* _GIVEN MATERIAL_
********

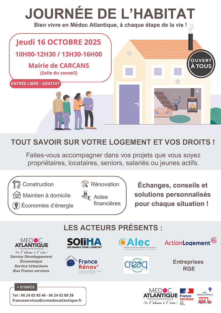 En partenariat avec la Communauté de Communes Médoc Atlantique, nous vous proposons de participer jeudi 16 octobre 2025, une Journée de l’Habitat destinée à tous ceux qui souhaitent s’informer et être accompagnés dans leurs projets de logement.
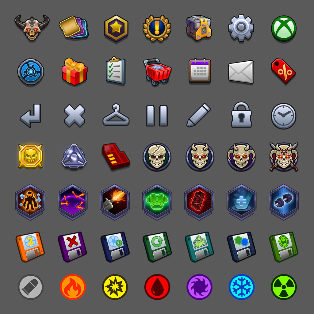 The following showcases UI work I personally created and delivered, including all iconography and UI textures across menus, progression, and gameplay systems. I built these assets hands-on while also establishing the overall visual direction in collaboration with the Art Director. In addition, I defined and executed the look and rendering approach for 3D item icons and 3D key art used in screens, and set up systems for live ops so 3D artists knew exactly what to render out for ongoing events and content updates. I implemented best practices for optimizing UI textures directly in Unity, ensuring assets were as lightweight as possible while maintaining visual fidelity. All work went through review with id Software to maintain authenticity and consistency, resulting in a cohesive and polished UI style that reinforced the game’s fast-paced, visceral feel.
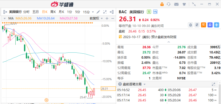 上周,美银股价创下了近三年来的最低水平。周一(10月9日),美银股价收涨0.92%,于每股23.31美元。

********

* _PROBLEM DESCRIPTION_
Pictures must be left out. Repeat exactly the lines from the one containing "The following showcases" through the final line of the data.

* _EXERCISE ANSWER_
 The following showcases UI work I personally created and delivered, including all iconography and UI textures across menus, progression, and gameplay systems. I built these assets hands-on while also establishing the overall visual direction in collaboration with the Art Director. In addition, I defined and executed the look and rendering approach for 3D item icons and 3D key art used in screens, and set up systems for live ops so 3D artists knew exactly what to render out for ongoing events and content updates. I implemented best practices for optimizing UI textures directly in Unity, ensuring assets were as lightweight as possible while maintaining visual fidelity. All work went through review with id Software to maintain authenticity and consistency, resulting in a cohesive and polished UI style that reinforced the game’s fast-paced, visceral feel.
 上周,美银股价创下了近三年来的最低水平。周一(10月9日),美银股价收涨0.92%,于每股23.31美元。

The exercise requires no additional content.